The final build was stunning – even if I do say so (photos below were taken by the team at Omafiets after the build was completed to let me see how beautiful it looked):

I live in New Zealand, so after the build was completed, Omafiets boxed it up and my sister brought the bike over for me when returning for our parents’ 50th Wedding Anniversary celebration (shoutout to Air New Zealand taking bike boxes as extra baggage for $70! Definitely cheaper than couriering it here)

Key Components

Some other features of the custom build that I was super happy with on the finished product include:

  • Rohloff Speed Hub (red)
    • Alongside the Gates Carbon Belt, this was the foundation of the bike build and I knew I didn’t want the plain black hub. Getting it in red started somewhat of a trend for other speciality components on the bike….
  • Brooks B17 leather saddle
    • Once broken in, these saddles are meant to be super comfortable. I can attest to this from my Pashley Sovereign bike that had a Brooks and I loved it. They require a little extra care, but you get the benefit of it.
  • Son Dynamo (red anodized)
    • I’d read a lot about the pros and cons of a dynamo hub and whilst I doubt I’ll do too much multiday adventuring where I would not be able to get access to a power plug at some point, I wanted to add something in on the off chance. Additionally, from my eBike experiences I loved having a power source for a front light without ever having to think about charging batteries for the light.
  • Son Edelux II (red anodized)
    • I was originally thinking about an alternative front dynamo light but this was where working closely with Omafiets again paid off – their team suggested the Edelux since it came in matching red and really started to make the color scheme pop!
  • Sinewave Cycles Reactor (red anodized) – USB charging port in stem
    • I had seen other USB charging ports for bikes but most were quite ugly with cables visible. I loved how this one was inserted into the top of the stem and was very discreet. The fact in came in shiny red really had me at first sight! I’ve tested this and even at low speeds of 10-20kph it accepts plenty of charge from the dynamo and charges devices quickly.
  • HT Components Nano Pedal (red)
    • I had not initially thought about custom pedal colours but as more splashes of red were making their way into the build I reached out to Omafiets and they sourced and recommended these ones. I felt it could be a bit indulgent, but so glad I went with it and many people comment on how great they look.
  • Surly Moloko Handlebar
    • This is a pretty unusual looking bar but was again recommended to me for a custom bike build, offering various handgrips as well as mounting points for bags and cameras. Having ridden the bike on one 100km ride so far, I can definitely attest to the comfort of the various positions on this handlebar
  • Panaracer GravelKing SK TLC with brown walls (running tubeless)
    • I am not a tyre specialist at all, but the team at Omafiets guided me expertly towards these based on my intended riding, providing a combination of good grip with high rolling speed for mixed terrain riding. I’ve been surprised by the compliments from others “in the know” about the tyre choice – seems like Omafiets know their stuff!

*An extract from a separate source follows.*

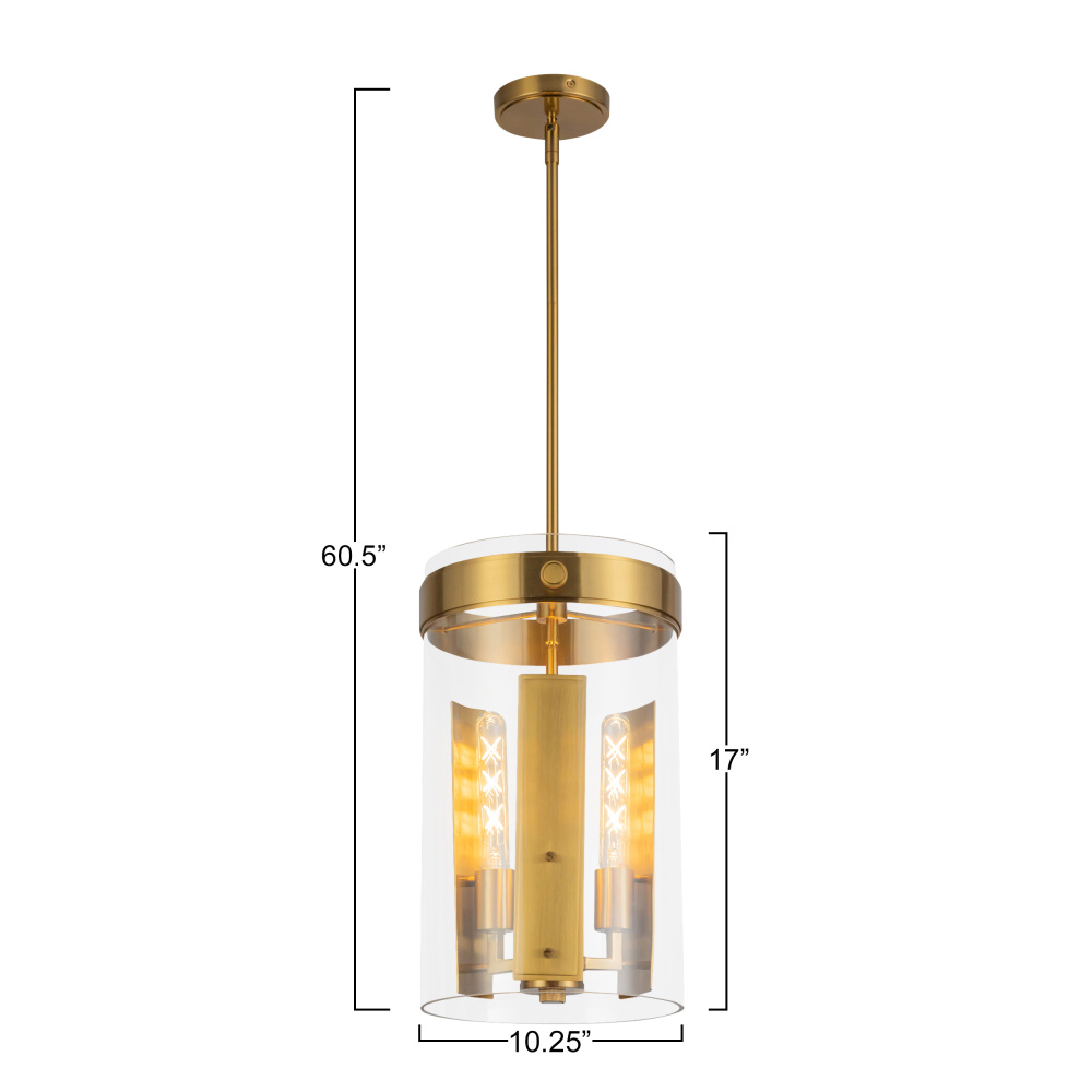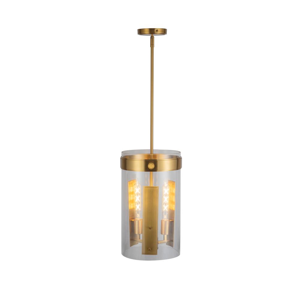 The pendant from the Dahlia collection exudes contemporary elegance with its rich harvest brass metal accents and transparent glass shade, allowing light to shine through in a warm and inviting glow. Designed by Kevin Kraemer, its cylindrical silhouette captures a refined balance between industrial and modern design, highlighted by highly detailed knurl knobs that add a touch of craftsmanship and sophistication. This versatile piece transforms ordinary ceilings into breathtaking focal points, combining artistry and functionality seamlessly.

The rest of the componentry I largely took the expert advice from Omafiets (and glad I did) who helped me settle on a very cool, very custom, one off bike for me.

Some Photos From The Road

The bike is pretty new still and I’ve done a nudge over 300km on it, with one 100km ride so far loaded up with about 80% of my camping kit:

I am planning to head away on my first overnight bikepacking trip with a friend this weekend actually so will update this blog post with some additional details (UPDATE: here’s the review from the weekend – 24hr Bikepacking Adventure – November 2022 – SamuelMcNeill.com).

Final Thoughts

I love this bike, it’s lively and fun to ride, can go long distances at a steady pace, climbs well, is stable on descents and looks great of course (beauty being in the eye of the beholder of course!). I have some multi day bikepacking rides lined up for this summer and will know more about it’s overall performance then. One aspect I was a bit nervous about was pulling out the back wheel in the event of a puncture. Even though I’m running tubeless it will need to be done at some point and my experience of removing the Enviolo and belt on my eBike was a bit of a mission,

Fortunately, I have a friend who is a bike mechanic and volunteers additionally at Recycle A Dunger, a community project in the heart of the city where they provide free bike maintenance advice/repairs and try to upgrade donated bikes for others to buy at affordable prices. I popped in and saw him this week at RAD and he showed me how easy it was to get off the rear wheel – even easier than my traditional derailleur bikes!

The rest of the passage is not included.